▶ **Exercise directions**:
Aside from the pictures, copy the listing exactly.

▶ **Collected data**:
- Opening Delimiter -

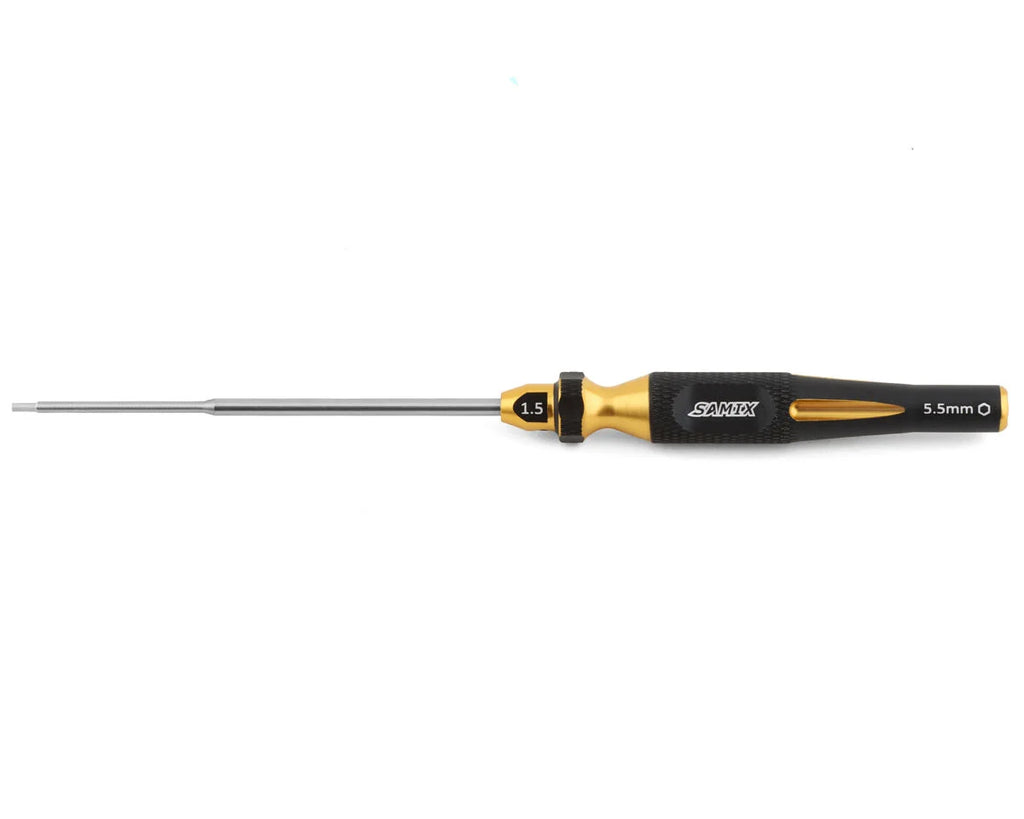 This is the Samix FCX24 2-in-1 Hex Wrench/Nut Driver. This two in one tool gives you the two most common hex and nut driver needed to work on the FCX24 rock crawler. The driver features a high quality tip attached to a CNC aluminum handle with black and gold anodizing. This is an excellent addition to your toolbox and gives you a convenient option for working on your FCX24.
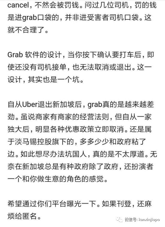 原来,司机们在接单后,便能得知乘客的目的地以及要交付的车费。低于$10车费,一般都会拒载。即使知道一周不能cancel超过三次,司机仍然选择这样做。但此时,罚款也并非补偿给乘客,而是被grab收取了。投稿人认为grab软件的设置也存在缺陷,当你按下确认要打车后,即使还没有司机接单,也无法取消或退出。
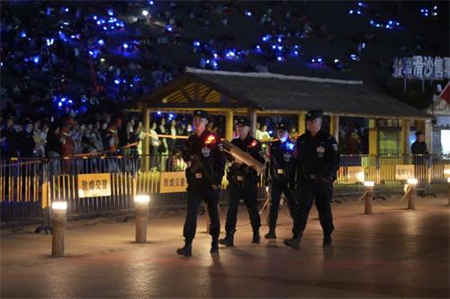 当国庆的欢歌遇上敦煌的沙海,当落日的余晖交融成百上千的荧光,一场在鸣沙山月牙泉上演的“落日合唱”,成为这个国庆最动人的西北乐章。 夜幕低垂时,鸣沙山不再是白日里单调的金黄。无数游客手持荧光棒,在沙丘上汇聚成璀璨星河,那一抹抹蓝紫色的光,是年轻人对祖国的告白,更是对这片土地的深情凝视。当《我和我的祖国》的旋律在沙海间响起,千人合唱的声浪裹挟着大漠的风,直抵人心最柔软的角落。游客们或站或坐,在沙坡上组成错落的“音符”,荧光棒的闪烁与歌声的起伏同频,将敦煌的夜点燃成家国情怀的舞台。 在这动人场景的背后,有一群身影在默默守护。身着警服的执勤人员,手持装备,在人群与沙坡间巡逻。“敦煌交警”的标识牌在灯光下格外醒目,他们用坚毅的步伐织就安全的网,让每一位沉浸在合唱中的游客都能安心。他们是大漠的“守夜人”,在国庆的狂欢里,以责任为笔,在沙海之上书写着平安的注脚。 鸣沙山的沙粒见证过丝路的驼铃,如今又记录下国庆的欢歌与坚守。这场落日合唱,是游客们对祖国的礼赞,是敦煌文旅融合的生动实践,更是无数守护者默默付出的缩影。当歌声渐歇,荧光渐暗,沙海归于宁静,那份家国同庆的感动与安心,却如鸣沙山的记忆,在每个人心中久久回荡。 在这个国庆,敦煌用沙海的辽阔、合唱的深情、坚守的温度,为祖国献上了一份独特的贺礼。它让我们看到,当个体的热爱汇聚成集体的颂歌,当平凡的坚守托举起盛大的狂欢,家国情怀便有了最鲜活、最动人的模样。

- Closing Delimiter -

▶ **Response for this exercise**:
 This is the Samix FCX24 2-in-1 Hex Wrench/Nut Driver. This two in one tool gives you the two most common hex and nut driver needed to work on the FCX24 rock crawler. The driver features a high quality tip attached to a CNC aluminum handle with black and gold anodizing. This is an excellent addition to your toolbox and gives you a convenient option for working on your FCX24.
 原来,司机们在接单后,便能得知乘客的目的地以及要交付的车费。低于$10车费,一般都会拒载。即使知道一周不能cancel超过三次,司机仍然选择这样做。但此时,罚款也并非补偿给乘客,而是被grab收取了。投稿人认为grab软件的设置也存在缺陷,当你按下确认要打车后,即使还没有司机接单,也无法取消或退出。
 当国庆的欢歌遇上敦煌的沙海,当落日的余晖交融成百上千的荧光,一场在鸣沙山月牙泉上演的“落日合唱”,成为这个国庆最动人的西北乐章。 夜幕低垂时,鸣沙山不再是白日里单调的金黄。无数游客手持荧光棒,在沙丘上汇聚成璀璨星河,那一抹抹蓝紫色的光,是年轻人对祖国的告白,更是对这片土地的深情凝视。当《我和我的祖国》的旋律在沙海间响起,千人合唱的声浪裹挟着大漠的风,直抵人心最柔软的角落。游客们或站或坐,在沙坡上组成错落的“音符”,荧光棒的闪烁与歌声的起伏同频,将敦煌的夜点燃成家国情怀的舞台。 在这动人场景的背后,有一群身影在默默守护。身着警服的执勤人员,手持装备,在人群与沙坡间巡逻。“敦煌交警”的标识牌在灯光下格外醒目,他们用坚毅的步伐织就安全的网,让每一位沉浸在合唱中的游客都能安心。他们是大漠的“守夜人”,在国庆的狂欢里,以责任为笔,在沙海之上书写着平安的注脚。 鸣沙山的沙粒见证过丝路的驼铃,如今又记录下国庆的欢歌与坚守。这场落日合唱,是游客们对祖国的礼赞,是敦煌文旅融合的生动实践,更是无数守护者默默付出的缩影。当歌声渐歇,荧光渐暗,沙海归于宁静,那份家国同庆的感动与安心,却如鸣沙山的记忆,在每个人心中久久回荡。 在这个国庆,敦煌用沙海的辽阔、合唱的深情、坚守的温度,为祖国献上了一份独特的贺礼。它让我们看到,当个体的热爱汇聚成集体的颂歌,当平凡的坚守托举起盛大的狂欢,家国情怀便有了最鲜活、最动人的模样。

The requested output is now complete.